Next, we tested whether fitting other parameters of the obscurer improves our spectral fits. By freeing the covering fraction of the cold phase of the obscurer (which has a much lower value than that of the warm phase), our fits did not improve and the covering fraction often became unconstrained. We thus kept the covering fraction of the cold phase of the obscurer fixed to its initial value throughout our modelling as XRT spectrum is much less sensitive to this weaker phase than the more prominent warm phase of the obscurer. We discuss the significance of this assumption in Sect. 5.1. Hereafter, obscurer Cf refers to the covering fraction of the warm phase of the obscurer. We then checked whether freeing the column densities NH of the obscurer components improves our fits. However, we did not observe any significant improvement in our fits and the NH values became weakly constrained. We then tried another scenario, in which the covering fractions of the components were fixed to their initial values, and instead their NH were fitted. But in this case, for most datasets we obtained a worse fit. So in our modelling we have kept NH of the obscurer components fixed to the best-fit values obtained by K14 from the stacked summer 2013 spectra, and allowed Cf of the obscurer to vary. In Sect. 4 we will show that the rms variability produced by changes in the Cf of the obscurer is indeed consistent with the observed rms spectra of NGC 5548.

Next, we checked for possible variability of Tseed, Te and τ of the comt component, and whether freeing these parameters improve our broadband spectral fits. We found that freeing Tseed helps in making a better fit to the optical/UV (UVOT and HST COS) data in some observations, particularly when the UV flux had a flare-up. We thus left Tseed as a free parameter in our modelling. On the other hand, freeing Te and τ did not make a statistically significant difference to our fits. Therefore, we froze Te and τ to avoid unnecessary free parameters and kept them fixed to their initial values. Indeed varying the normalisation and Tseed of comt is sufficient to provide a good fit to the optical/UV data and the soft X-ray excess in all our datasets. At the final step, the goodness of our fits was re-examined. In all the observations, the data were well fitted with good C-statistic values. In addition to examining the C-statistic output, the quality of our best-fits was also inspected visually at the end to make sure all optical/UV and X-ray data were properly fitted.

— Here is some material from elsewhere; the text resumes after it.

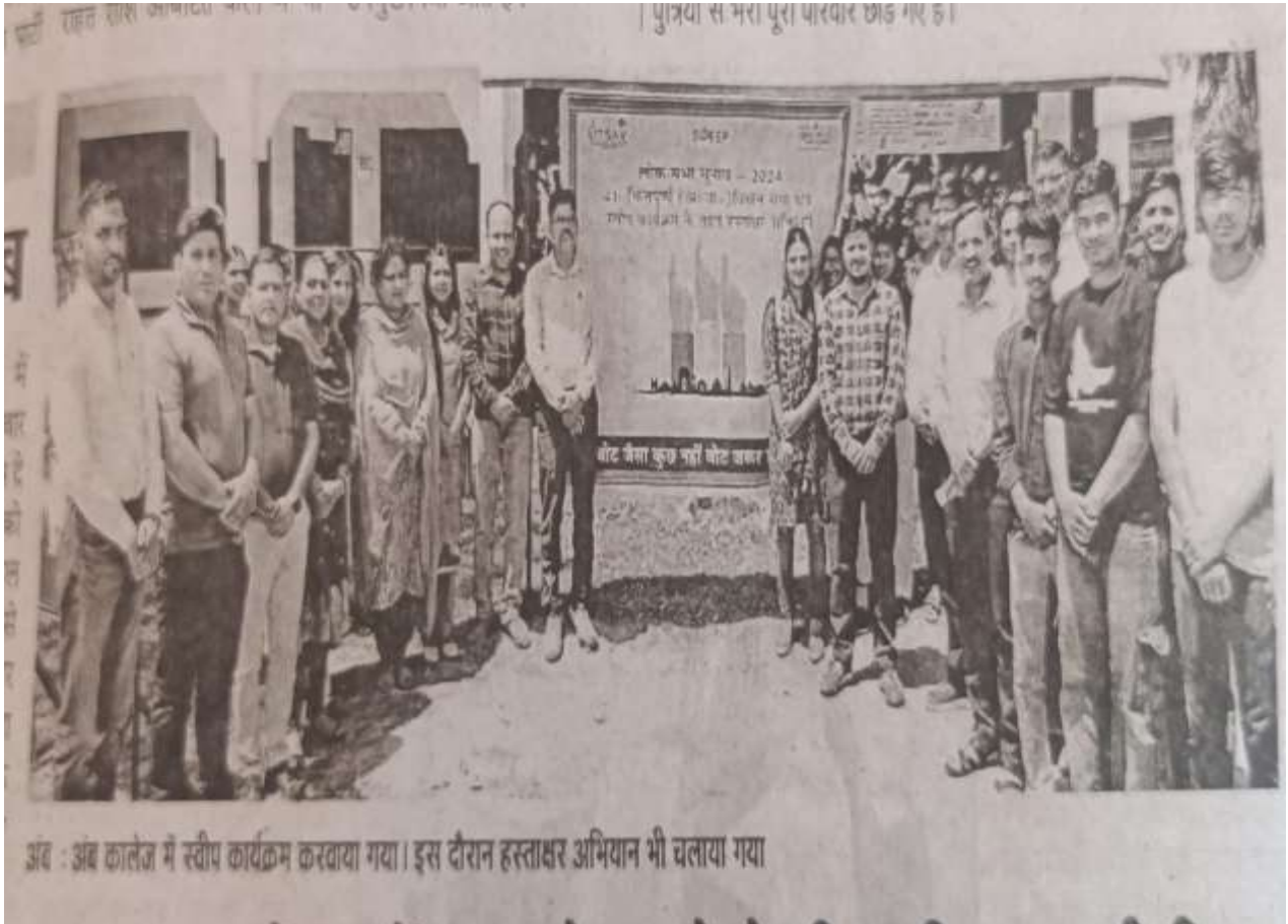
अंब : अंब कालेज में स्वीप कार्यक्रम करवाया गया। इस दौरान हस्ताक्षर अभियान भी चलाया गया।

In Fig. 3, we show a typical example of one set of Swift (XRT and UVOT) and HST COS spectral data (time-averaged over ten days), together with its best-fit broadband model. To find out how individual model spectral components contribute to the global broadband model used in this paper, see Figs. 5 and 10 in Paper I. In total, a series of 93 sets of such stacked data were fitted using a batch processing script incorporating our broadband model described above. Figure 4 illustrates the variability of the fitted parameters of our broadband spectral model of the continuum and obscuration. The obtained and expected C-statistic values (see the SPEX manual for their definitions) are also provided in this figure. Additionally, the X-ray hardness ratio R and the observed flux in the UVOT UVW2 filter are also displayed for comparison with the derived parameters. We examine the variability of the model parameters of Fig. 4 in Sect. 3.1.

thumbnail Fig. 4

Variability of the parameters derived from broadband spectral modelling of Swift and HST COS data of NGC 5548 in Sect. 3. The X-ray hardness ratio R and the UVW2 flux are also displayed on the top two panels for comparison. On the vertical axis of each panel the name of the corresponding parameter is given. The normalisation of the warm Comptonisation (comt) component (modelling the optical/UV continuum and the soft X-ray excess) is shown in units of 1056 photons s-1 keV-1. The power-law (pow) normalisation is in 1052 photons s-1 keV-1 at 1 keV. In the bottom panel, the goodness of the fits are shown, with blue open circles indicating the obtained C-stat and the filled red circles indicating the expected C-stat with its rms uncertainties. The range of the above time-series is from 1 February 2012 to 4 February 2015. The vertical dotted lines in green indicate two interesting periods in 2013 and 2014, which were selected for the temporal variability analysis of Sect. 4 and production of rms spectra in Fig. 8. The vertical dashed lines in black indicate the start of each year for reference. The horizontal dashed lines in magenta represent the averages from previous years (2005 and 2007 Swift data from the unobscured epoch) derived in this work with the same model.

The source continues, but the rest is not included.